WORK TASK |
Line by line, give the data again exactly as it appears, but without pictures.

COLLECTED DATA |
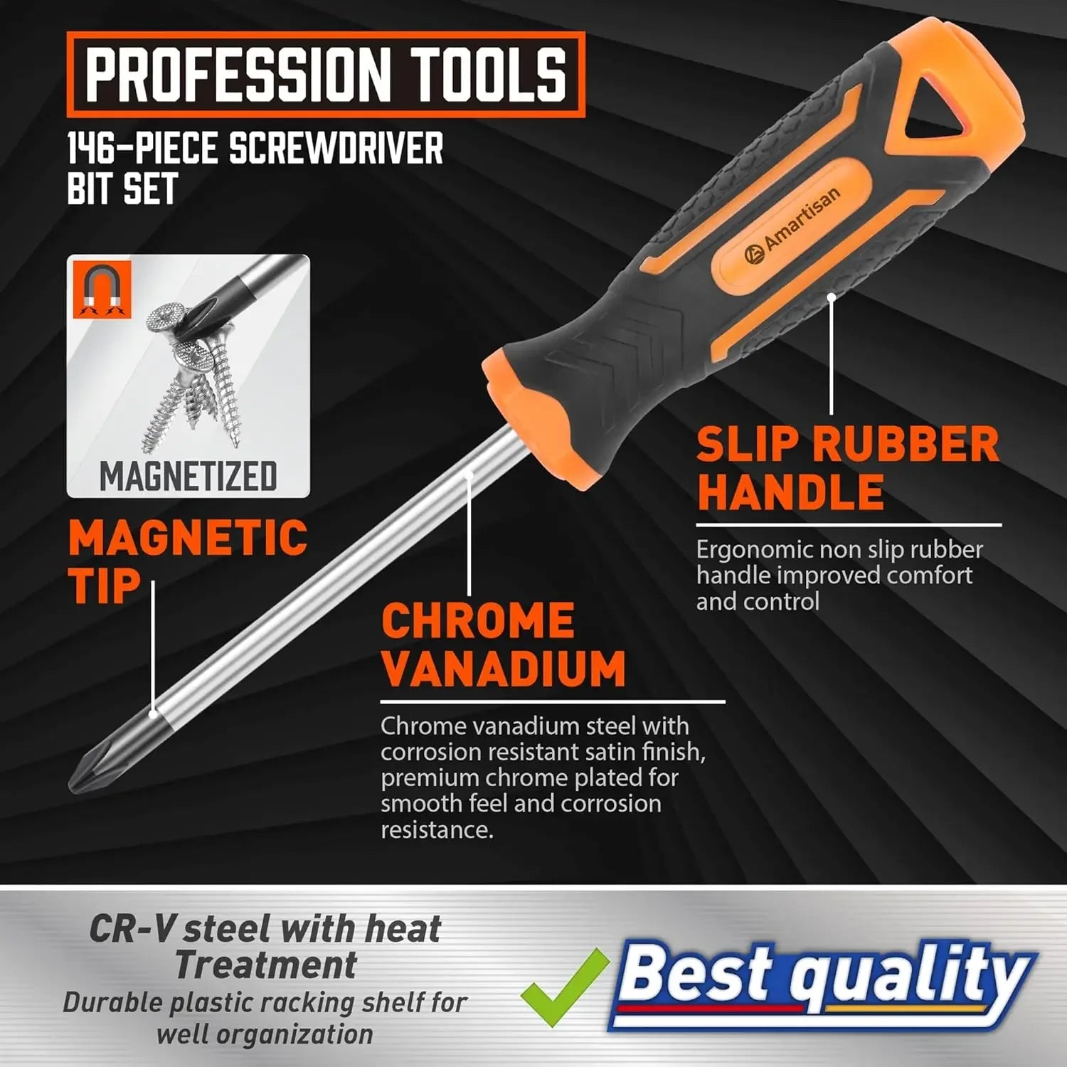 146-piece Magnetic Screwdrivers DIY Tools Set Racking for Men Tools Gift, Includs Precision screwdriver, Magnetizer, Key Set, Nut Driver and Bit Set
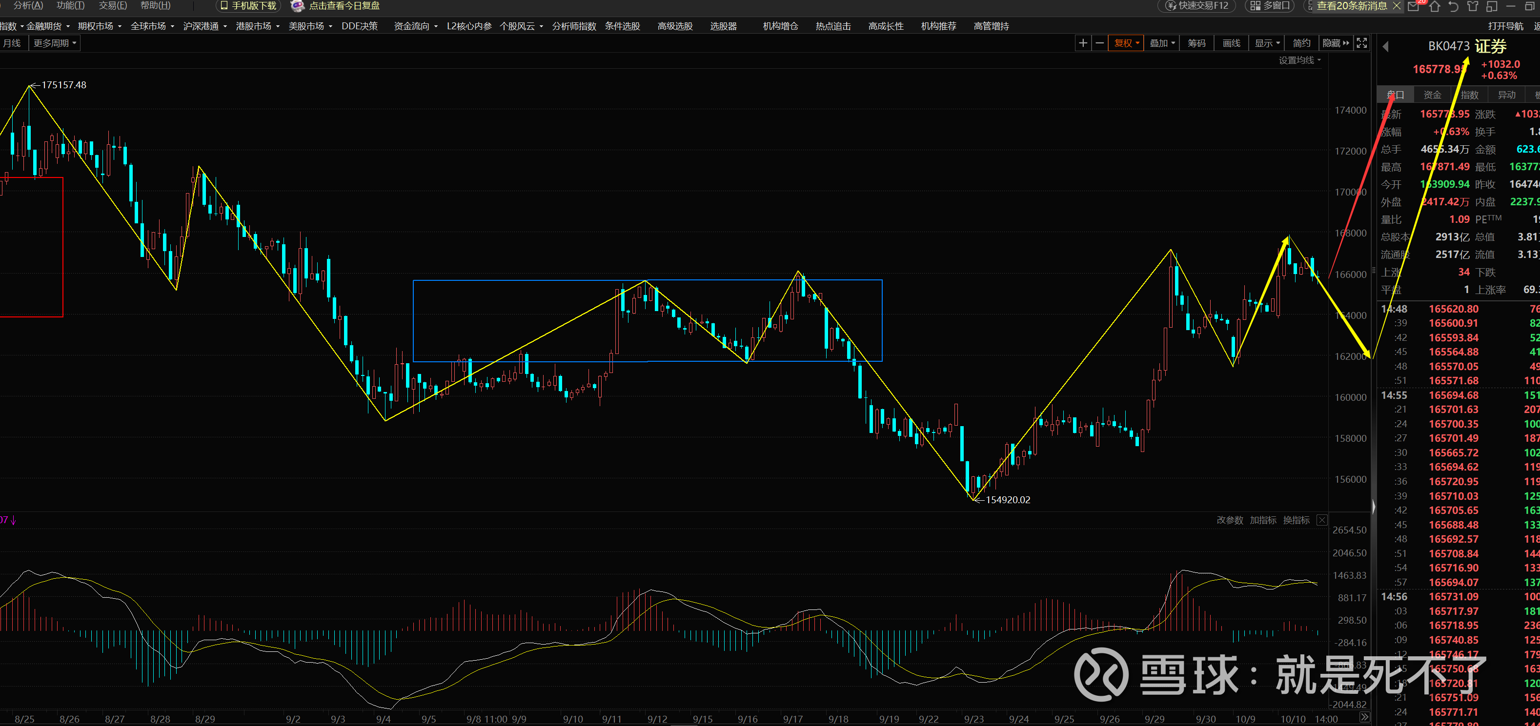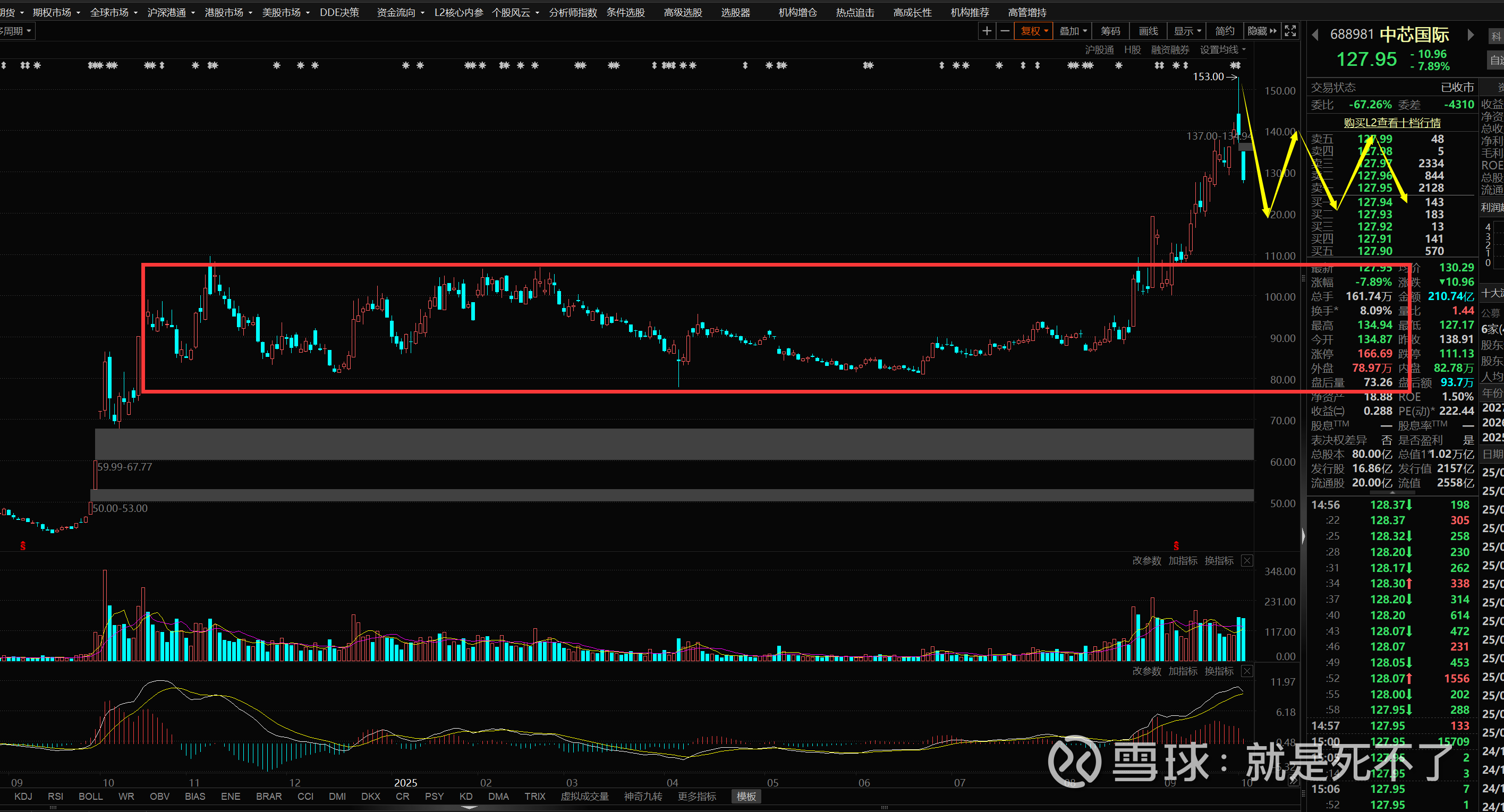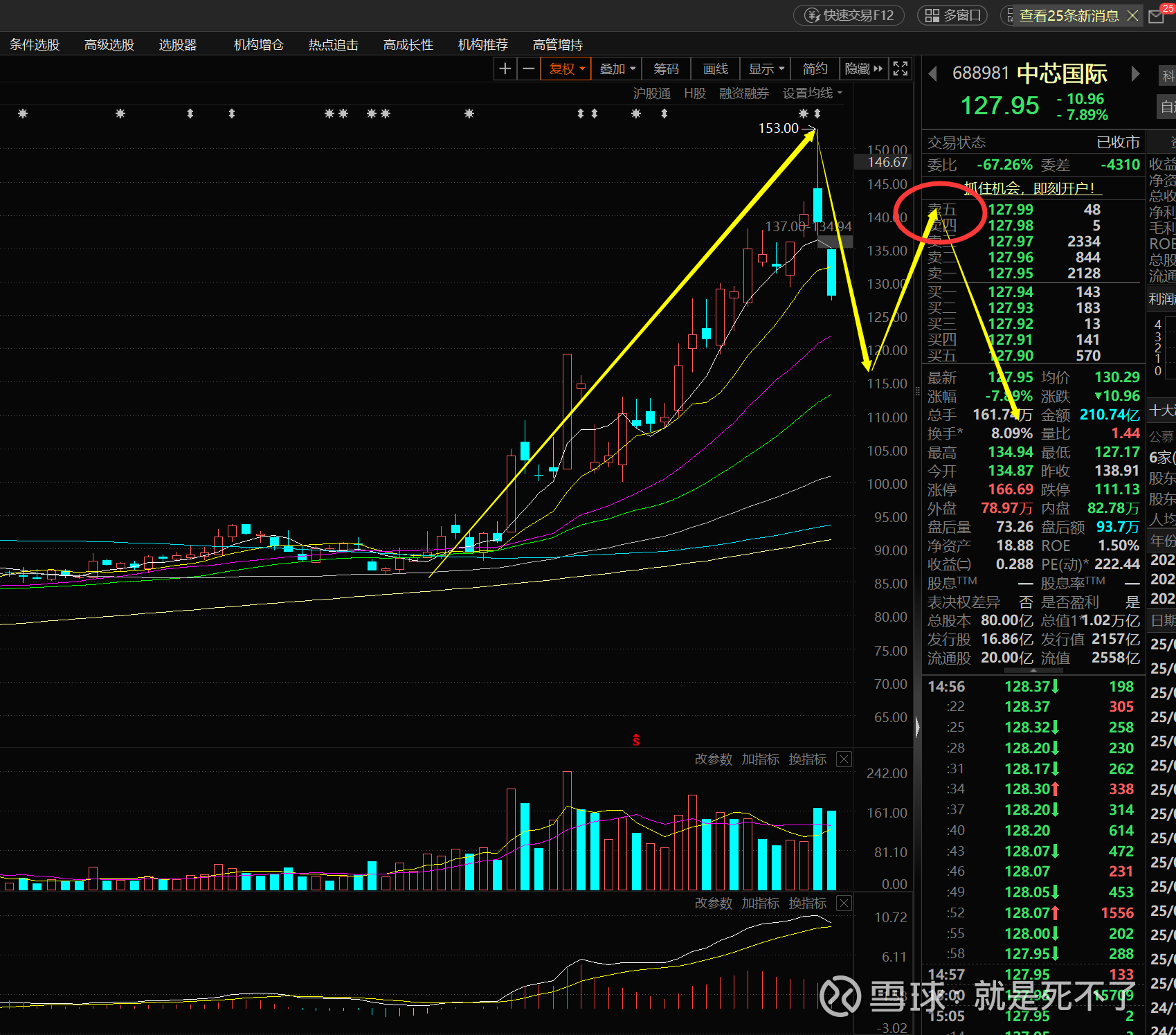 比如下面的中芯,如果后面反弹出现一个高点低于153,就是卖点。
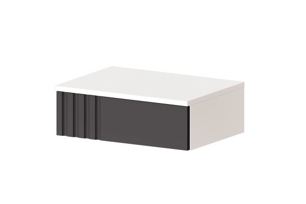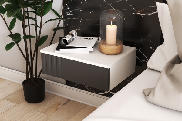 Компактна підвісна приліжкова тумба Ліна Світ Меблів для спальні, що заощаджує місце, - це незамінний аксесуар, який додасть комфорту і затишку у Ваш інтер'єр. Тумба містить одну висувну шухляду, що дасть змогу Вам зберігати аксесуари, які часто необхідні перед сном. Це можуть бути книги, окуляри, пульт від телевізора чи кондиціонера тощо. Корпус виготовляється з якісного ламінованого ДСП товщиною 16 мм, фасад з ламінованого МДФ товщиною 16 мм у привабливому поєднанні кольорів білий / графіт. Завдяки навісній конструкції, приліжкова тумбочка є чудовим рішенням для зберігання, не займаючи при цьому площу підлоги.
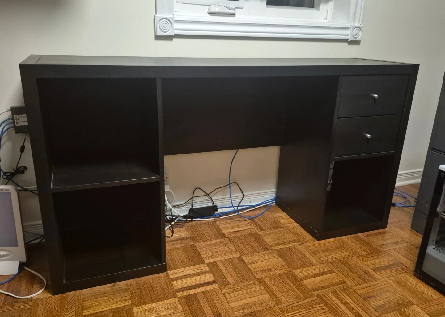 This desk features open shelving on one side and two drawers on the other for storage. It's a sturdy piece, perfect for a home office or study area. Some minor wear is visible on the edges.

RESULT OF THIS EXERCISE |
 146-piece Magnetic Screwdrivers DIY Tools Set Racking for Men Tools Gift, Includs Precision screwdriver, Magnetizer, Key Set, Nut Driver and Bit Set
 比如下面的中芯,如果后面反弹出现一个高点低于153,就是卖点。
 Компактна підвісна приліжкова тумба Ліна Світ Меблів для спальні, що заощаджує місце, - це незамінний аксесуар, який додасть комфорту і затишку у Ваш інтер'єр. Тумба містить одну висувну шухляду, що дасть змогу Вам зберігати аксесуари, які часто необхідні перед сном. Це можуть бути книги, окуляри, пульт від телевізора чи кондиціонера тощо. Корпус виготовляється з якісного ламінованого ДСП товщиною 16 мм, фасад з ламінованого МДФ товщиною 16 мм у привабливому поєднанні кольорів білий / графіт. Завдяки навісній конструкції, приліжкова тумбочка є чудовим рішенням для зберігання, не займаючи при цьому площу підлоги.
 This desk features open shelving on one side and two drawers on the other for storage. It's a sturdy piece, perfect for a home office or study area. Some minor wear is visible on the edges.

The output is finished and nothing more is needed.